Солдаты Апшеронского полка: Матис. Перс. Математик. Анархисты (Иличевский) - страница 272

Этот Камал на поверку глубоко несчастен: два года не был дома, теперь едет отдыхать, говорит, вообще ничего целый год не будет делать, а только спать, спать, спать. Вдруг спохватывается, когда достаю китайскую вермишель: «Ай, забыл детям купить, конфеты купил, вермишель забыл. Дети у меня так любят ее, так любят, они вермишель в рот с одного конца берут и вот так делают, хлюпают, знаешь, да?»

Камал мужик сметливый, пять лет военного училища накануне развала. Когда говорит, что будет год отдыхать, – означает, что станет ходить в медресе, учиться: всем ученикам выплачивают стипендию, большие деньги для Шемахи. Зачем-то стал ругать азиатов, аргумент: «Во Вьетнаме совсем нет ислама. В Китае есть, а во Вьетнаме нету. Скажи, зачем нужна такая страна?.. Жалко, американцы ее до конца не сожгли». Всё время возится со своим мобильным телефоном, читает новости. Вдруг выкрикивает: «Слушай, слушайте, люди! Говорит Москва, сообщает ТАСС: “В Иране раскрыта подготовка покушения на президента России. Выявлены две группы смертников. Визит президента России в Тегеран отложен”. Ну, что будет, а? Нас теперь через границу не пустят! О, я посмотрю, посмотрю на этих дагестанцев, они там и так звери, а тут президента охранять кинутся!.. Вот увидишь, они так говорить будут: “Эй, эй, Камал, ты зачем едешь? Ты не домой едешь, ты шпион, дай денег!” Вот увидишь – звери!»

Второй боец – Мирза-ага: сухонький, невысокий старик, семьдесят два года, но еще крепкий, любитель «белого чая», который под столиком стыдливо наливает из бутылки в армуд, запивает пивом. Разломил портмоне, показал фотографию сына, совсем юного паренька: «Это от новой супруги сыночек. А от другой жены младший в 1993-м погиб под Агдамом», – говорит Мирза-ага, и глаза его укрупняются от влажного блеска. Старик, обращаясь ко мне, называет меня «мальчик», говорит, что Советский Союз был раем: «Из моего села, что под Гянджой, во время Великой Отечественной пропали без вести 162 человека, я пацаном был, помню горе. В Сталинграде погибли полтора миллиона солдат, рядовой в среднем имел жизни – три-четыре минуты, лейтенант – пятнадцать. Больше половины из погибших в Сталинграде советских солдат – из Закавказского военного округа, все братья. А что сейчас? Что – забыли?! Похоронка в село приходит – бабы воют, и я с ними. Так я привык плакать…»

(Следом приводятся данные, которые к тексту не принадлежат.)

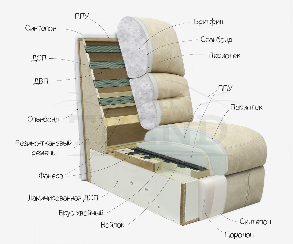 Наполнение дивана в разрезе
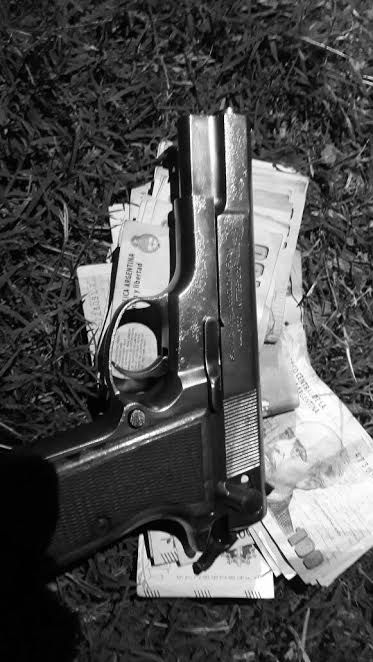 Sobre el suelo al costado del vehículo, lado del acompañante, se observó una pistola calibre 9 mm marca Parabellum Feg-Budapest, con sietes cartuchos en su almacén cargador y un cartucho en recamara, con su martillo montado, lista para ser utilizada, como así también esparcidos la suma de $14,500 (catorce mil quinientos pesos) diferenciados en billetes de $100 (cien). El Fiscal en turno Dr. Nuñez, dispuso el secuestro del arma de fuego y el dinero, además el trasladado y alojado del masculino que tiene pedido de captura a la sección alcaidía.

В вагоне рыдает по внутренней радиотрансляции сейгях. Струнный перебор сопровождается медитативным стенанием. Туда-сюда слоняются торговцы, состав их обновляется от станции к станции, несут стопки подарочных чайных сервизов, с макушки стянутых тугими струями целлофана, рубашки, пуловеры, рукавицы, шарфы, журналы, детские игрушки; всё это щупается, перелистывается, и я вспоминаю глухонемых ловкачей из детства, с пляшущими лицами, со слышным вывертом челюстного сустава, со слюнным хлюпаньем языка во влажном – или шелестом в пересохшем – рту. Это была секта кустарей – продавцов отретушированных, грубо подкрашенных анилиновыми красками трафаретных карточек со всякой неподцензурной всячиной; глянцевые эти сокровища раскладывались по диванным полям каждого купе, и, выждав, мнимые глухонемые собирали распотрошенные или нетронутые пачки с карточками Высоцкого, Ланового, Тихонова, Северного, с календарями пляжных азиаток, с не то астрологическими, не то знахарскими памятками, исполненными чертежным почерком, – и с еще каким-то бредом, чаровавшим магией печатного знака.